News such as this is of interest to all of us, because it illustrates just how costly and dangerous mistakes can be.

I just get irked when I see mistakes of this caliber made by news agencies. It makes me question their ability to gather and report news on any subject with accuracy and clarity.


----------



## ToUtahNow (Jul 19, 2008)

The story is poorly written but then again they never said the problem was due to water pressure. I'm wondering if it was a Natural Gas tankless installed in a Propane system.

Mark


----------



## Pipedoc (Jun 14, 2009)

Double-A said:


> It makes me question their ability to gather and report news on any subject with accuracy and clarity.


Stop questioning Double A. They don't have the ability report with accuracy anymore. Wait. I take that back. They have the ability but but not the desire. :laughing: (I don't know whether to laugh or cry about that)


@ Jerry,

Do you have a link to the article? I am starting to collect news articles about things of this nature.


----------



## ToUtahNow (Jul 19, 2008)

Protech said:


> "Contractor".....does that mean plumbing contractor? If not, someones going to have allot of explaining to do.
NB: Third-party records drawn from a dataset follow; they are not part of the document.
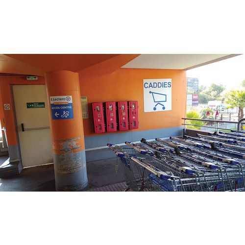 Caja para extintor de 9 a 12 kg. Puede utilizarse tanto en vehículos como en talleres. Montaje de la puerta a derecha o a izquierda. Cerradura con llave. Correa reforzada. Aperturas de policarbonato moldeadas que bloquean los rayos ultravioleta. Bisagras y cierre de plástico.
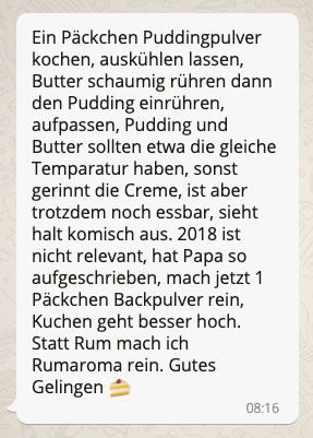 In den Antworten zum Tweet schreiben sehr viele Menschen, dass sie genau solche Rezepte auch von ihren Omas und Müttern weitervererbt bekommen haben (dass das unsere Kinder auch mal von ihren Vätern vererbt bekommen, daran arbeiten wir die nächsten Jahre, ok Männer!?). Einige posten sogar eigene Haus- und Geheimrezepte im Thread. Ich hab die mal alle herausgefischt und werde die Tweets hier archivieren, dann kann jeder die Sachen nachbacken. Falls ihr auch noch solche Rezepte mit Erinnerungen habt, immer her damit. Am besten an den Thread anhängen oder hier in die Kommentare.
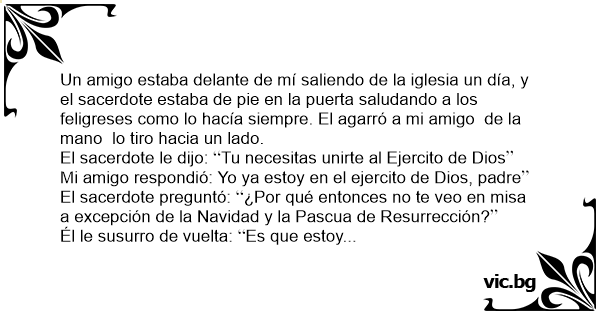 Mi amigo respondió: Yo ya estoy en el ejercito de Dios, padre”

I just checked and the homeowner is a home improvement contractor who got his license December (not licensed until after accident) of last year and there is no record of the "Contractor" having a license of any type.

Mark


----------



## GREENPLUM (Jul 27, 2008)

I thought I smelled a rat, THX jerrymac for coming clean with the TRUTH.


----------



## smellslike$tome (Jun 16, 2008)

TheMaster said:


> Sounds like they connected a water heater to a high pressure gas line without a pressure regulator,for some reason it leaked either due to the high pressure or there was just a gas leak close by. I dont think it had anything to do with a T&P valve but would like to hear the entire story.
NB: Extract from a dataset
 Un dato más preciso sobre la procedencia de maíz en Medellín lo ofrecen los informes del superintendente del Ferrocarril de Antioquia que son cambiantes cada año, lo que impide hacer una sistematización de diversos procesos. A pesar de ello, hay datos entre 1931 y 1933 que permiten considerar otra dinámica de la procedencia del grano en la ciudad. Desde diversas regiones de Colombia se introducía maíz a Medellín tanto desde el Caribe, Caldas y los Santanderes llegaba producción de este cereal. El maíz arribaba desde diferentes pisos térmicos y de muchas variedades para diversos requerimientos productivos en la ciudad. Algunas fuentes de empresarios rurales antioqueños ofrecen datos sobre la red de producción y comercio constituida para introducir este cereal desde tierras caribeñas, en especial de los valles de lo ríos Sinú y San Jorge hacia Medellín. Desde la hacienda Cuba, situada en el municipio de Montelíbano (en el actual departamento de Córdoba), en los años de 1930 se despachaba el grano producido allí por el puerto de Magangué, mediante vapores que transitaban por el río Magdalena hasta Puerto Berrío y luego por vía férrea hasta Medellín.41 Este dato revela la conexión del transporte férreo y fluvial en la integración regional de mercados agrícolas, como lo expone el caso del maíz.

I have encountered this before from a ho who complained about continual error codes and complete loss of hot water mid shower. The entire install was a joke and had been "performed" by an unlicensed "remodeling contractor". The ho did not want to pay for the repairs. I reported him to the appropriate inspection service (county), not because he refused service but because he was, I believed, in some danger and needed to have it reinstalled properly. The inspector, whom I spoke with over the phone, went out and knocked on the door and when noone answered he simply left. I told him that the unit was hanging on the side of the house, right on top of the gas meter, in plain sight. He informed me that this was not the Soviet Union and there was nothing they could do. I reminded him that no permit was ever issued for this job (I had already checked) and that it needed to be corrected. He wouldn't do anything. I lost a lot of respect for this inspection authority that day. Basically he said, and I am interpreting here, that anybody can do whatever they want and unless we catch them in the act nothing will be done. The code specifically grants the code official authority to enter any structure (which was not even necessary in this case) if he believes their is any reason to. If he is denied, then he can return with the police. I've never heard of this happening and probably never will but the point is that we were talking about an improperly connected, unregulated, gas appliance with the potential to burn, explode, injure, and/or kill. This still makes my blood boil.


----------